**Assignment:** Your answer must be the lines from the first record through the line that contains "On the bearish", copied exactly and without any pictures.
Records provided section start
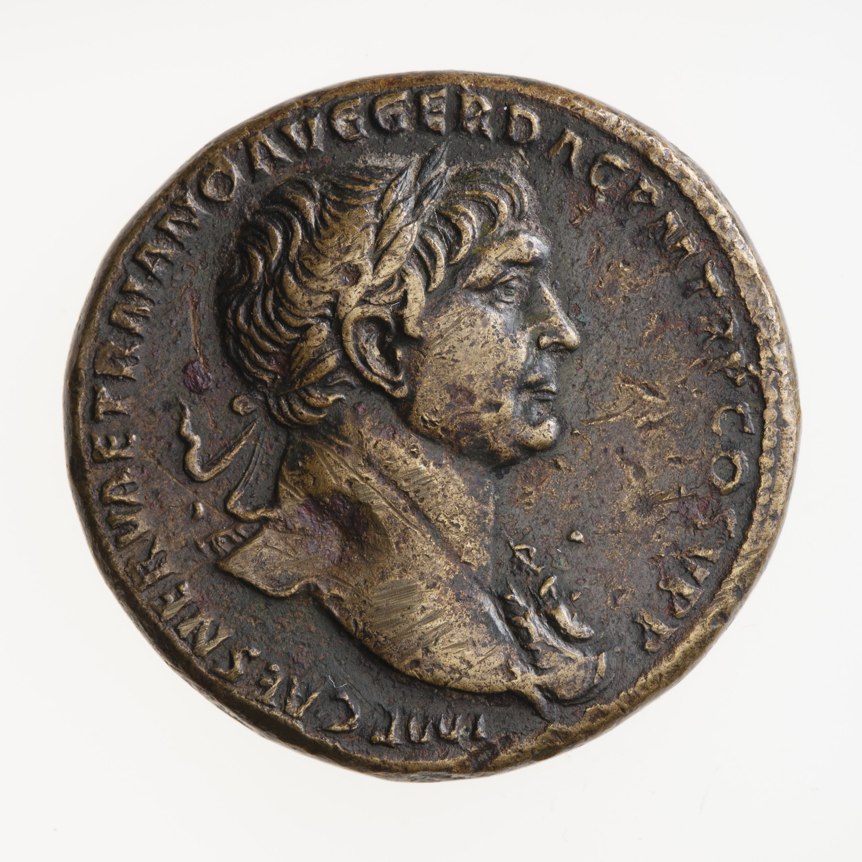 Laureate head of Trajan facing right wearing aegis; around, IMP CAES NERVAE TRAIANO AVG GER DAC P M TR P COS V P P
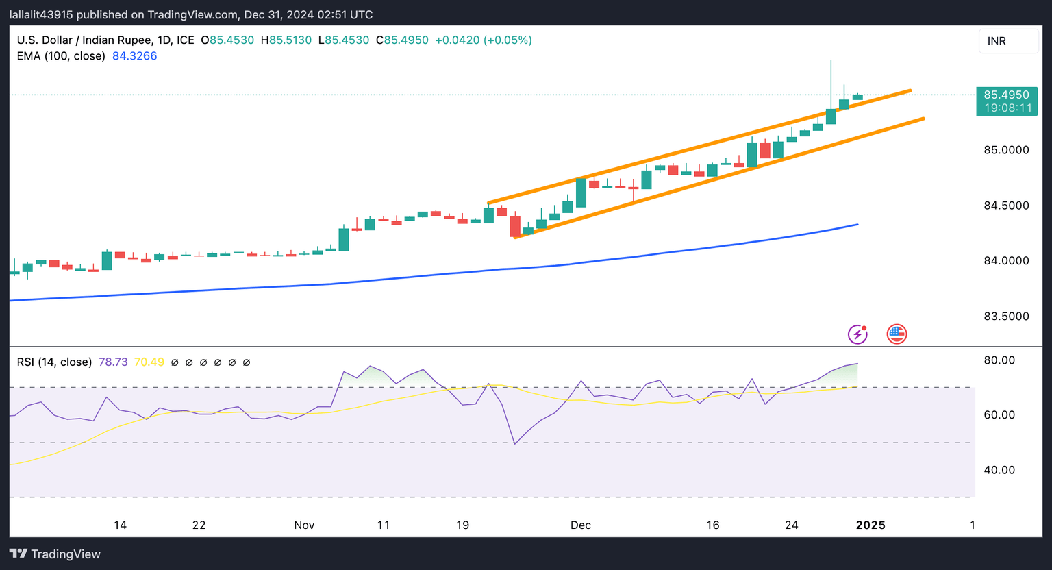 On the bearish side, the resistance-turned-support level of 85.45 acts as a first downside target for USD/INR. Sustained trading below this level could expose 85.00, the round mark. The key contention level is seen at 84.32, the 100-day EMA.
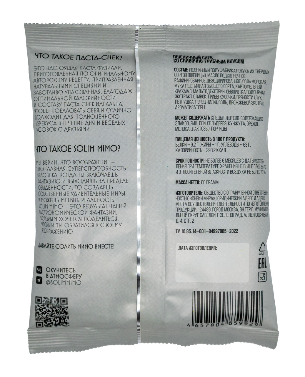 Наслаждайтесь тонким и приятным сливочным вкусом с добавлением грибов. Cнеки Solim Mimo сочетают в себе нежные сливки с ароматными грибами, приправленные пряностями. Это гармоничное сочетание создает идеальный баланс сливочного вкуса, который обязательно порадует вас во время перекуса. Снеки сочетают нежные сливки с ароматными грибами, приправленные пряностями. Это гармоничное сочетание создает идеальный баланс сливочного вкуса, который обязательно порадует вас во время перекуса. Это настоящая паста фузилли, приготовленная по оригинальному авторскому рецепту, приправленная натуральными специями и заботливо упакованная. Благодаря оптимальной калорийности и составу паста-снек идеальна, чтобы побаловать себя и отлично подходит для полноценного перекуса в течение дня и веселых тусовок с друзьями.
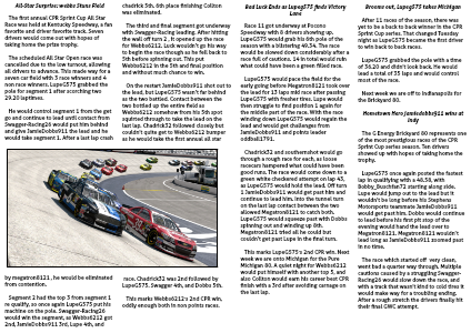 LupeG575 would pace the field for the early going before Megatron8121 took over the lead for 13 laps mid race after passing LupeG575 with fresher tires. Lupe would then struggle to find position 1 again for the middle part of the race. With the race winding down LupeG575 would regain the lead and would get challenges from JamieDobbs911 and points leader oddball1791.
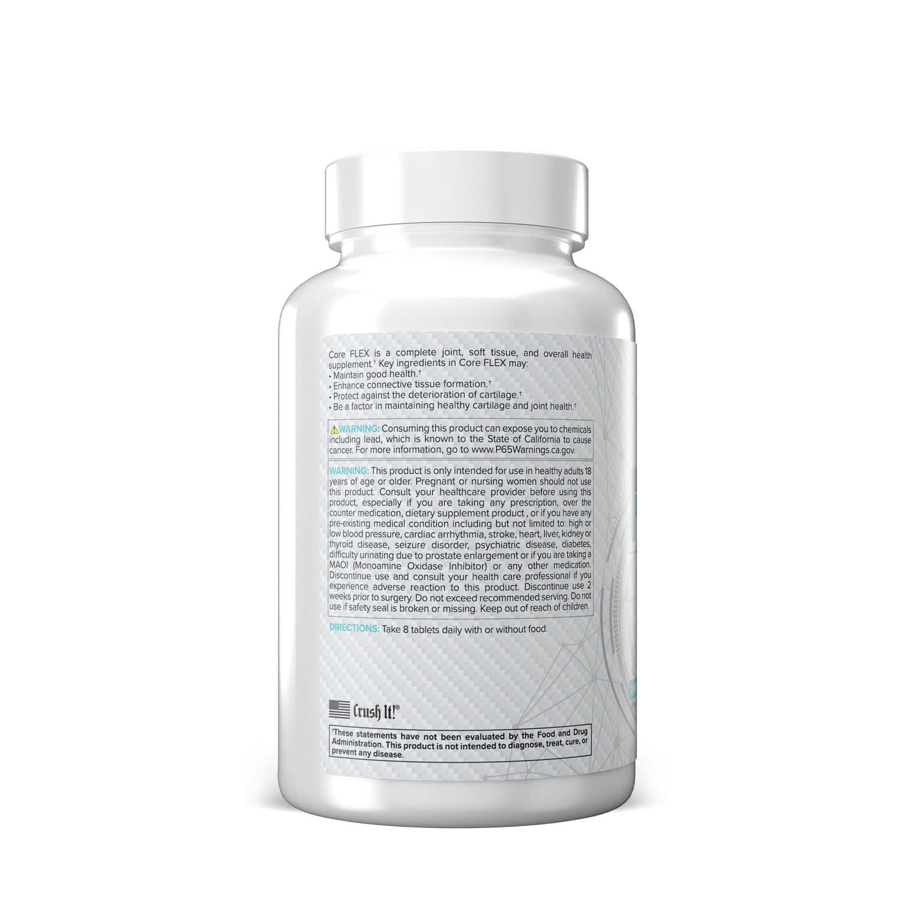 Core FLEX is an ultra-potent combination of 11 clinical ingredients, crafted to ensure the maintenance of strong and healthy tendons and ligaments. Best of all, its all-in-one blend combines the efficacy of single ingredient products, with the synergy of an entire joint product lineup.
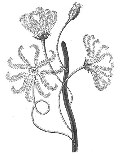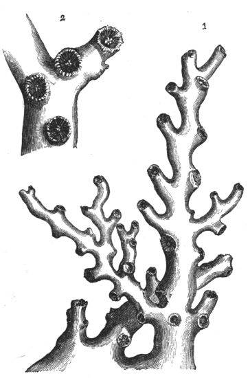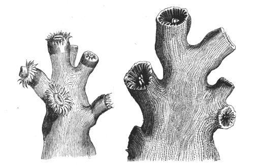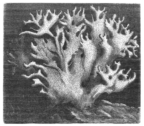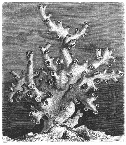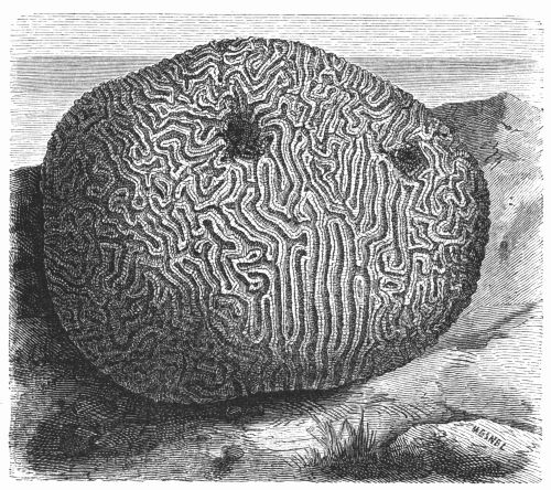 The learned Schleiden eloquently paints the living wonders of the deep: "If we dive into the liquid crystal of the Indian Ocean, the most wondrous enchantments are opened to us, reminding us of the fairy tales of childhood's dreams. The strangely-branching thickets bear living flowers. Dense masses of Meandrineas and Astreas contrast with the leafy, cup-shaped expansions of the Explanarias, and the variously-branching Madrepores, now spread out like fingers, now rising in trunk-like branches, and now displaying an elegant array of interlacing tracery. The colouring surpasses everything; vivid greens alternate with brown and yellow; rich tints, ranging from purple and[vi] deepest blue to a pale reddish-brown. Brilliant rose, yellow, or peach-coloured Nullipores overgrow the decaying masses: they themselves being interwoven with the pearl-coloured plates of the Retipores, rivalling the most delicate ivory carvings. Close by wave the yellow and lilac Sea-fans (Gorgonia), perforated like delicate trellis-work. The bright sand of the bottom is covered with a thousand strange forms of sea-urchins and star-fishes. The leaf-like Flustræ and Escharæ adhere like mosses and lichens to the branches of coral—the yellow, green, and purple-striped limpets clinging to their trunks. The sea-anemones expand their crowns of tentacula upon the rugged rocks or on flat sands, looking like beds of variegated ranunculuses, or sparkling like gigantic cactus blossoms, shining with brightest colours.
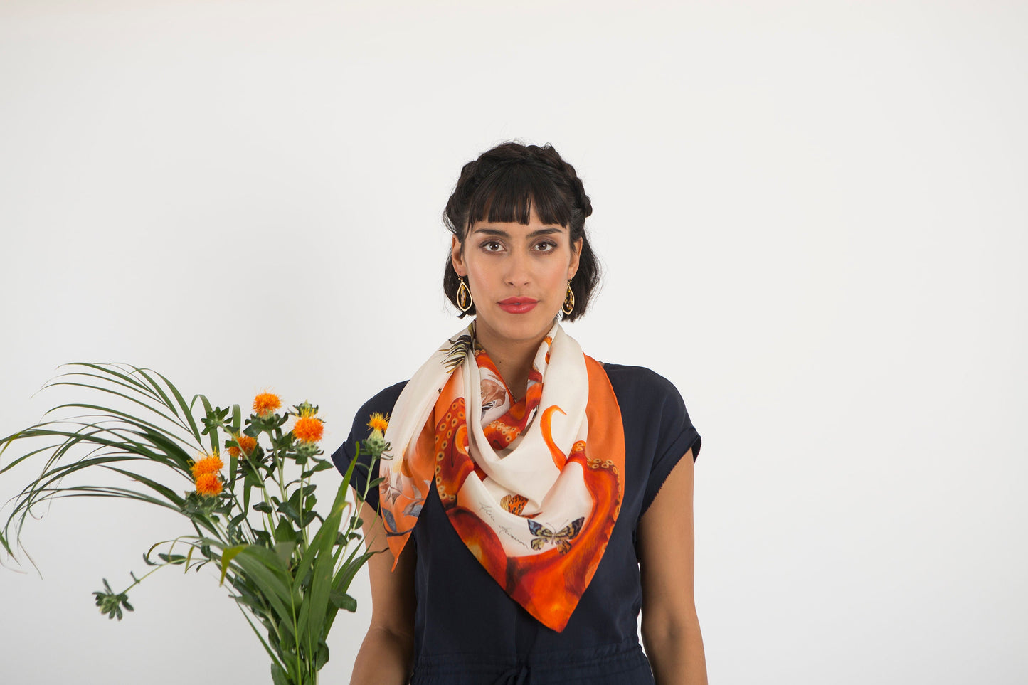 There are a variety of ways to style this scarf, the orange tentacles which creep from the lower right corner make an interesting feature when worn around the neck
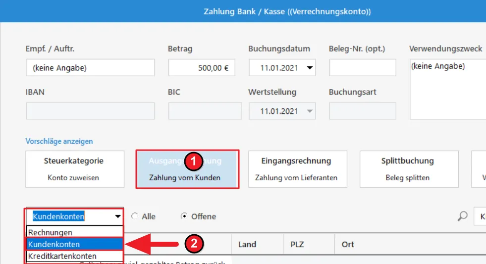 Hätte nicht gedacht, dass das so schwer ist, bzw. der Umweg über Finanzen / Zahlungen notwendig ist.
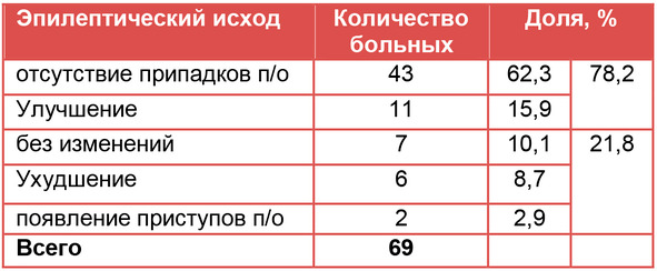 Одной из основных задач при удалении каверном полушарий большого мозга является избавление больного от эпилептических приступов. Эпилептический синдром у больных с супратенториальными каверномами может характеризоваться наличием редких и очень редких приступов, либо отсутствием каких-либо закономерностей в частоте припадков. Данный факт обосновывает необходимость достаточно длительного периода послеоперационного наблюдения для оценки эффективности лечения. Катамнестические данные оценивали у больных, оперированных в институте с 2002 по 2007 год (6 лет). Таким образом, минимальный срок катамнеза превышал 24 месяца. Из 154 человек, оперированных за указанный период, удалось собрать информацию о состоянии 84 пациентов (54,5%). Средняя продолжительность наблюдения составила 4,6 года.
Records provided section end
**Task response:**
 Laureate head of Trajan facing right wearing aegis; around, IMP CAES NERVAE TRAIANO AVG GER DAC P M TR P COS V P P
 On the bearish side, the resistance-turned-support level of 85.45 acts as a first downside target for USD/INR. Sustained trading below this level could expose 85.00, the round mark. The key contention level is seen at 84.32, the 100-day EMA.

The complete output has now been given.